What is expected
The reply should hold only the lines below beginning at the one with "Met de nodige" and ending at the one with "2023年10月,广东省交通", copied exactly, with every picture left out.

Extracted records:
========

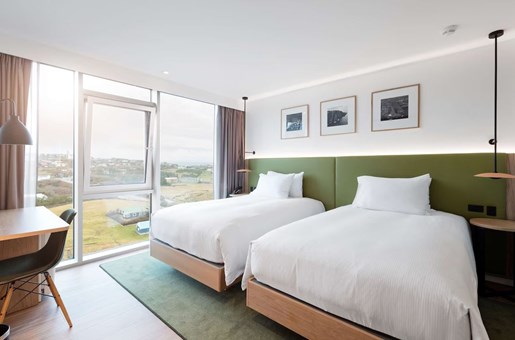Hilton Garden Inn酒店於2021年開業,坐落在托爾斯港市中心,方便遊客探索周邊的自然美景和文化景點,如Svartafoss瀑布和法羅群島國家博物館。
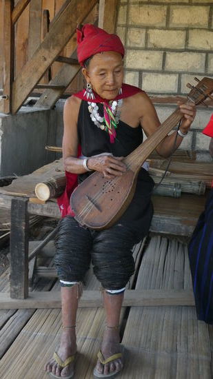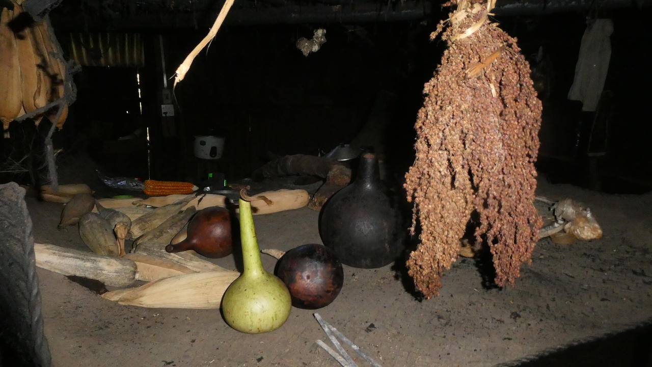 Die Frau des 2. Hauses zeigt uns ihr Haus von innen. Dort hängen etliche Instrumente, manche davon werden nur bei Zeremonien gespielt, oder bei Beerdigungen. Sie spielt uns ein Ständchen auf der Gitarre, und ich zeige ihr dann ein Video mit meiner Sambaband. Wieder ein Anlass zum herzlichen Lachen. Ihre Melodien waren doch sehr viel leiser und vermutlich in ihren Ohren harmonischer.
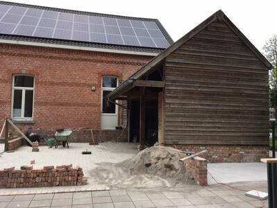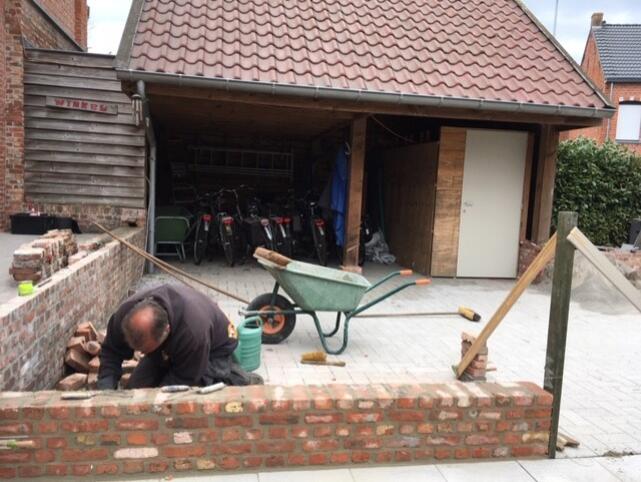 Met de nodige subsidies van het Pendelfonds en andere sponsors, met recuperatiemateriaal én met de mankracht en het vakmanschap van onze klusjesmannen zal binnenkort de nieuwe fietsenstalling staan blinken in de tuin van De Boomgaard.
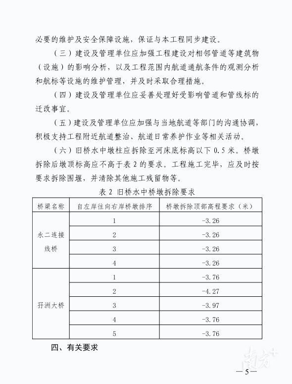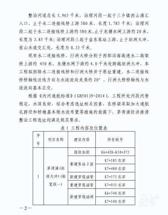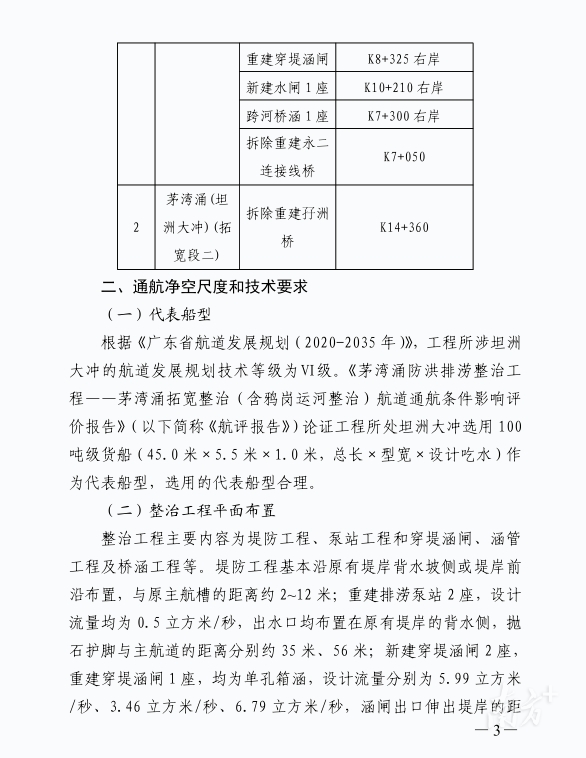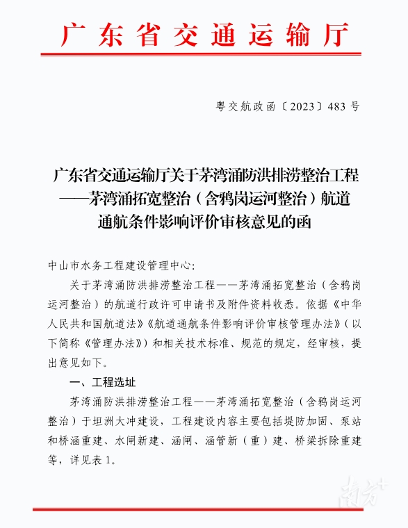 2023年10月,广东省交通运输厅曾发布关于茅湾涌防洪排涝整治工程——茅湾涌拓宽整治(含鸦岗运河整治)航道通航条件影响评价审核意见。文件显示,永二连接线桥和孖洲大桥拟拆除并于原址重建。原文如下:
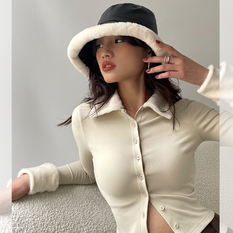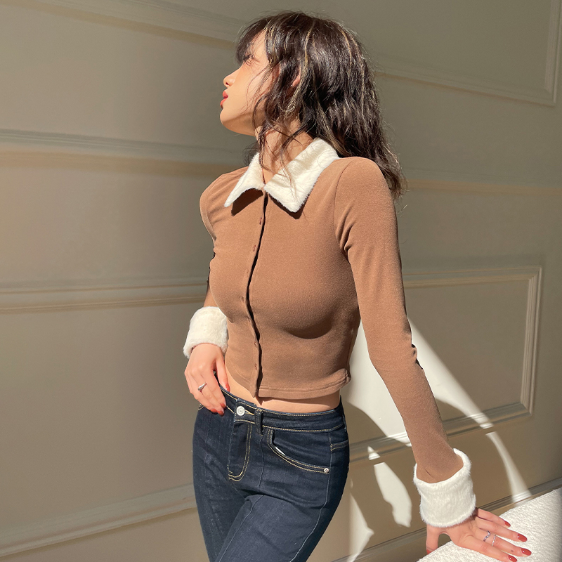 LEIYU Grinding Knitted Undershirt Woman 2021 Winter New Short Tight Retro Splicing Blouse and American Ins
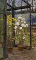 Catharina Kool,Chrysanten in een kas ,Bloemen van finemasterpiece
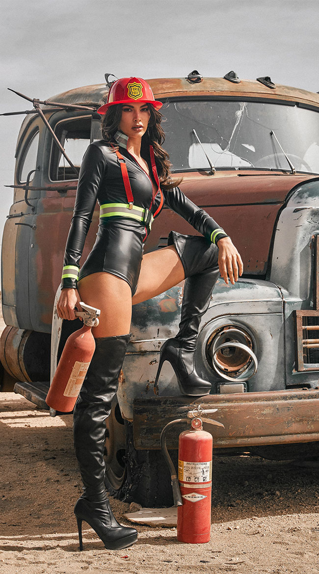 It's getting hot in here. Raise the temps in this Burnin' Down The House costume featuring a long sleeved zip-up wet look romper, an O-ring harness with reflective accents, and a firefighter hat. (Boots not included.)
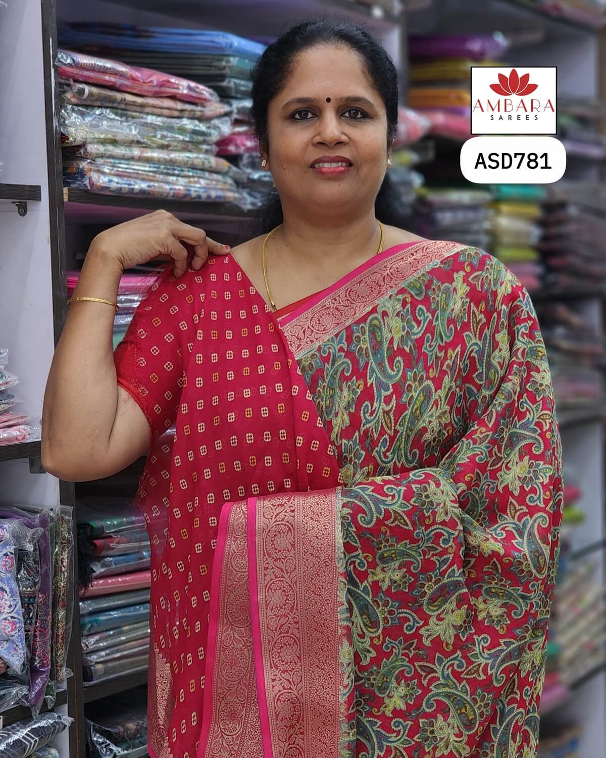 Matching printed blouse piece with designs that align perfectly with the saree’s overall theme
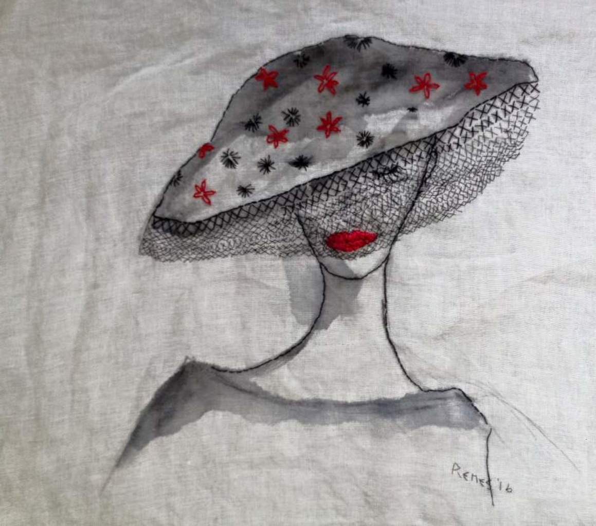 Borduurwerk, linnen op linnen met aqarelverf van een mysterieuze dame met een voile.

========

Finished exercise
 Met de nodige subsidies van het Pendelfonds en andere sponsors, met recuperatiemateriaal én met de mankracht en het vakmanschap van onze klusjesmannen zal binnenkort de nieuwe fietsenstalling staan blinken in de tuin van De Boomgaard.
 2023年10月,广东省交通运输厅曾发布关于茅湾涌防洪排涝整治工程——茅湾涌拓宽整治(含鸦岗运河整治)航道通航条件影响评价审核意见。文件显示,永二连接线桥和孖洲大桥拟拆除并于原址重建。原文如下:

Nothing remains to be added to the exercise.